4 de mayo de 2008

Las molestas moscas hogareñas

En una calurosa noche de verano, al abrir las ventanas, es muy probable que aparezca un insecto que seguramente llevará sobre su cuerpo unos cuantos miles de bacterias, que dejará caer sobre el suelo de la cocina, sobre la mesa, sobre las ollas y sobre todos los elementos que encuentre a su paso. Es uno de los seres voladores más ágiles del reino animal, aunque fue el penúl­timo en desarrollar esta aptitud, después del escarabajo (300 millo­nes de años a.C.), el pterosaurio (150 millones de años a.C.) y las aves (130 millones de años a.C.), y sólo antes del murciélago (15 millones de años a.C.). Lleva giroscopios incorporados, resortes que le permiten desmontar sus alas, un tren de aterrizaje que le sirve de catapulta, e incluso puede fabricar su propio combustible de alto octanaje. Lo más impresionante es que este bicho, la mosca do­méstica, no contempla con sus gigantescos y protuberantes ojos el mismo mundo que un ser humano.

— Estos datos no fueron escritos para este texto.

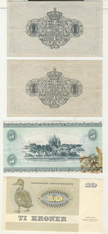 5-kronesedlen med en "kaffeplet", ellers meget pæne.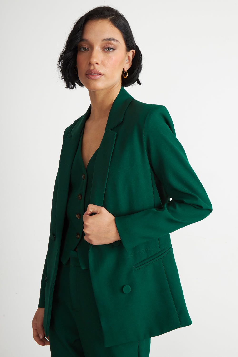 Características: Blazer largo de cuello cruzado. Bolsillo decorativo en busto y bolsillos sastre funcionales. Solapa larga. Posee pinzas frontales y forro.

Para la mosca que se encuentra sobre la mesa de la cocina, fro­tando reflexivamente sus patas delanteras con objeto de limpiarlas, y regurgitando parte del sabroso y líquido excremento perruno que antes había lamido fuera de la casa, la iluminación de la cocina actúa de forma extraña. El artefacto lumínico brilla durante un rato, pero repentinamente, se apaga, dejando a la cocina y todo lo que hay en ella sumidos en la oscuridad durante un largo intervalo, hasta que, de forma repentina, vuelve a encenderse. El ser humano de la cocina, atareado con los preparativos para la cena, no es cons­ciente de estos destellos estroboscópicos. La razón es que un ser hu­mano sólo advierte que dos acontecimientos están separados, si entre ambos transcurre más de 1/20 de segundo. Así funciona el cine, que no es más que una serie de imágenes fijas proyectadas a una velocidad un poco mayor de 1/20 de segundo. Una mosca que asistiese a una proyección de una película no podría ser engañada de este modo, ya que su sistema nervioso funciona con tanta celeridad que puede detectar acontecimientos separados entre sí por un intervalo de sólo 1/200 de segundo. Esto convertiría la pro­yección de cualquier película en una tediosa serie de diapositivas, con largos intervalos de oscuridad mientras se pasa de una a otra imagen. Este fenómeno es el que se puede apreciar en una discoteca cuyas luces estroboscópicas des­tellasen lentamente, viendo a veces a los demás bailarines ilumina­dos en extrañas poses, y en otros momentos no viendo absoluta­mente nada.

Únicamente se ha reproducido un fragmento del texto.